I know that I am going to get slammed for what I am about to say, but please bare with me. I HAVE NO INTENTIONS ON STEPPING OVER THE LINE!!!!

I have been friends with someone for over 4 years now, and close friends friends for about two years now, his wife is an alcoholic, just like my DH. He never admitted to me that his wife was an Alcoholic, but as we got to know them, I could see that she was, because I am living with one.

This last year, he has been confiding in me, and I in him, I know that this is a really dangerous situation. I have gone to alanon for years, and I am not new to this site, I just havent been on here in a long time. I am not interested in him in that way, but I am interested in how he talks to me and treats me and confides in me and shares interest in the same things that I like and I have told him this. I have told him that I would never be more than friends with him as he is married and so am I. We have six kids altogether and I would never hurt his kids or my kids. Even if we both decided to get a divorce 5 years down the road, I could never see me being with him.

I like him, I could almost say that I love him as a friend, but I know that it is wrong and that my husband and his wife would not like the fact that we are friends and confide in each other as we do. I would never ever do that to someone elses family or to my family. I already feel that confiding in him is betraying his wife and my husband, but it is so nice to have someone to talk too. Who understands exactly what I am going through.
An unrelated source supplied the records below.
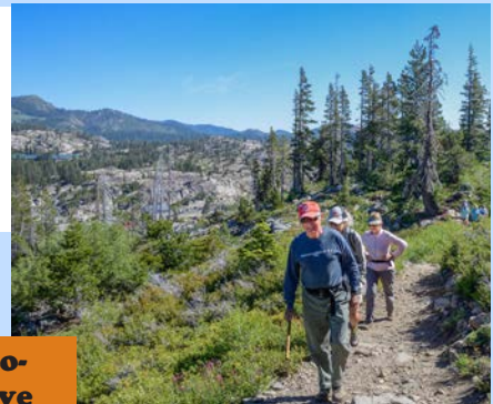
Hikers on the PCT/Judah Loop Trail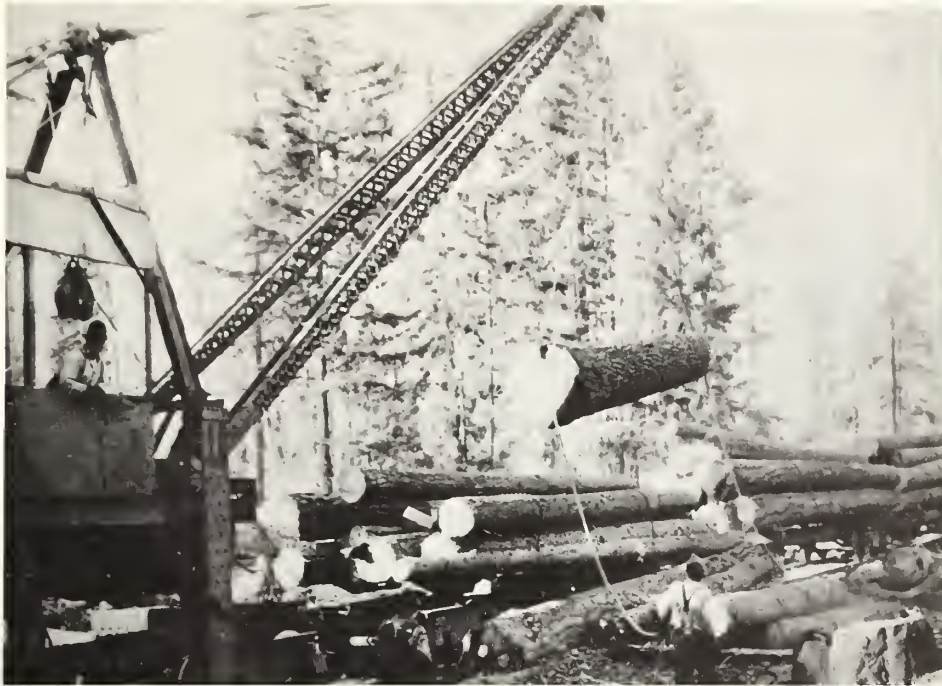
Figure 12. 1920's railroad logging on the Fourbit Creek Sale near Butte Falls, harvested by Owens-Oregon Lumber Company, Now Medford Corporation.

occurred in the Indian and Willow Creek drainages, on what was then Oregon and California Railroad (or private) land but this activity is not documented in any of the research material. Most additional sites will probably be discovered during the course of pre-sale reconnaissance by District technicians.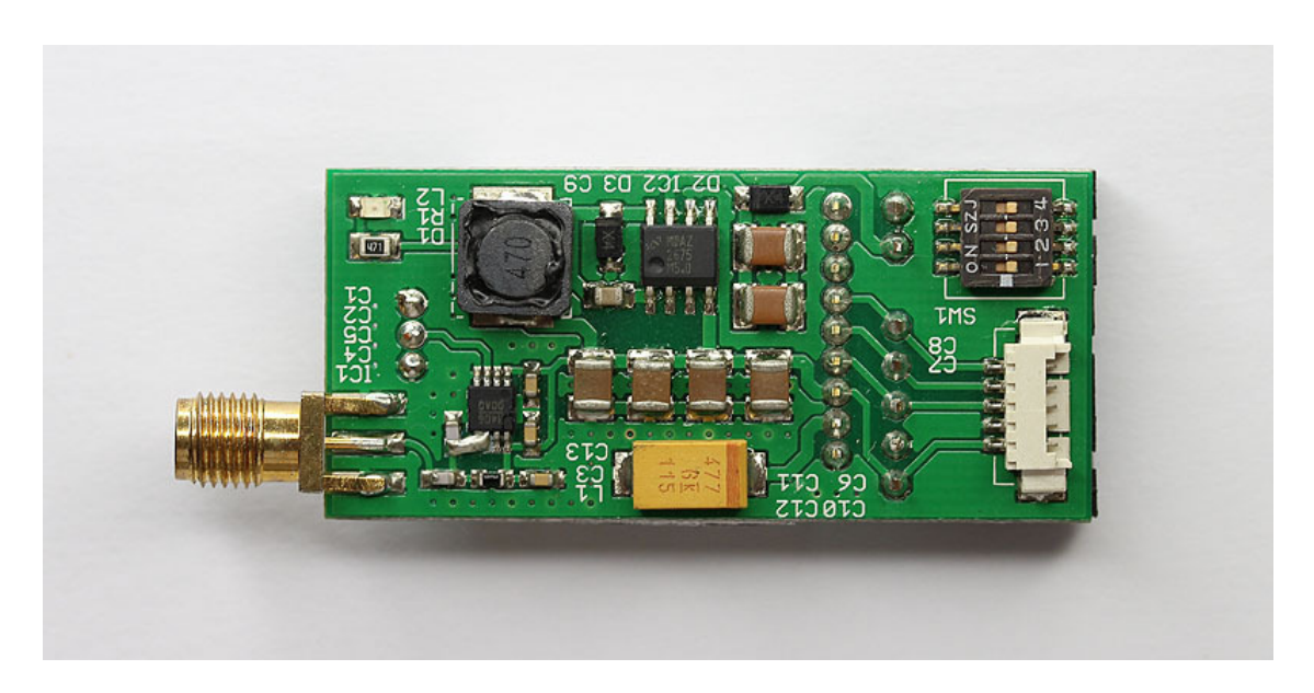
Fig 2. Bottom side of ImmersionRC 600mW 5.8GHz audio/video transmitter.

Bottom left > SMA female connector, connect your antenna here.

I have been keeping myself very busy with doing things that I like to do, I have joined a softball team and I am really having fun with that. I ask my husband to come with me and watch and he takes no interest at all. I am hurt by that, my friend knows that I play softball and he shows up to watch me sometimes.

I work events for my son's hockey team and I beg my husband to come with me and of course he never can, and this guys knows that I do this and he has worked with me to support my son's team my husband knows this because I ask him if he would mind, today is my birthday and I asked my husband to come up here and meet me for lunch and of course not, this guy knows it is my birthday and he calls me first thing this morning and said happy birthday and can I take you to lunch.

I am very involved in my kids sports, I help when my son plays baseball, I never miss a pratice or a game, he helps coach both of his kids baseball games.

He plays hockey, my son plays hockey, his daughter plays softball and my daughter plays softball, his daugher was in ballay and my daughter was in ballay.

His wife never goes with him to anything, and my husband never goes with me to anything.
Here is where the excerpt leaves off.